5E Forgotten Realms canon question

Does anyone know whether there are any rules regarding what is considered Forgotten Realms canon and what is not?

Specifically, I'm wondering if the Scales of War adventure path is canon, or if there are clues in past 5e products that might hint at an answer. Scales of War appeared in the online Dungeon magazine (issues #156-175) once the Paizo contract ended and ownership of the magazine went to Wizards of the Coast.

For comparison, in Dungeon #196 (Nov 2011) there is a Backdrop: Moonshae Isles article, and the information therein closely matches the Adventurer's League approved Moonshaes Regional Guide put out by Baldman Games in 2018. That's a pretty clear example of something from WotC's online Dungeon magazine being recognized as canonical in the Forgotten Realms.
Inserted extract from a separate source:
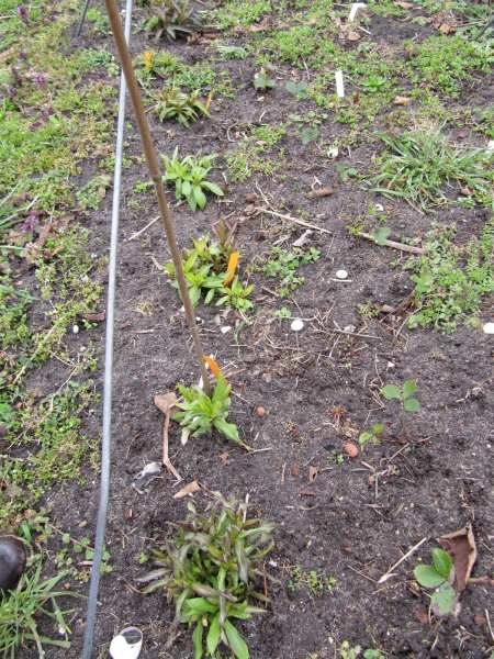 Damit blommorvan was zum Gucken hat: Das ist ein Teil der Sämlingsreihe mit Abkömmlingen von 'Drakon'. Zum Zeitpunkt des Fotos noch ungejätet, aber die Lichtverhältnisse waren eh schon schlecht....

The issue I'm wondering about with Scales of War is that while it starts in the independent setting of Elsir Vale (same pseudo-setting as Red Hand of Doom), it soon expands to planar locations that are part of the "Forgotten Realms verse" (e.g. Gloomwrought, Shra'kt'lor). Among these is Tu'narath which becomes occupied by Tiamat's forces. The adventure describes Vlaakith CLVII having been slain (presumably following up on events from The Lich Queen's Beloved in Dungeon #100), Tiamat breaking the pact with the githyanki, and Gith's spirit possessing Vlaakith's successor. I am trying to ascertain if this Vlaakith CLVII and Gith are the same as in the "Forgotten Realms verse" or if they are strictly "Elsir Vale" versions.

EDIT: Obviously, the importance of canon at an individual table is up to each group to decide. I understand that for many groups it's not going to be important. Not making any judgments about canonicity, just asking a question.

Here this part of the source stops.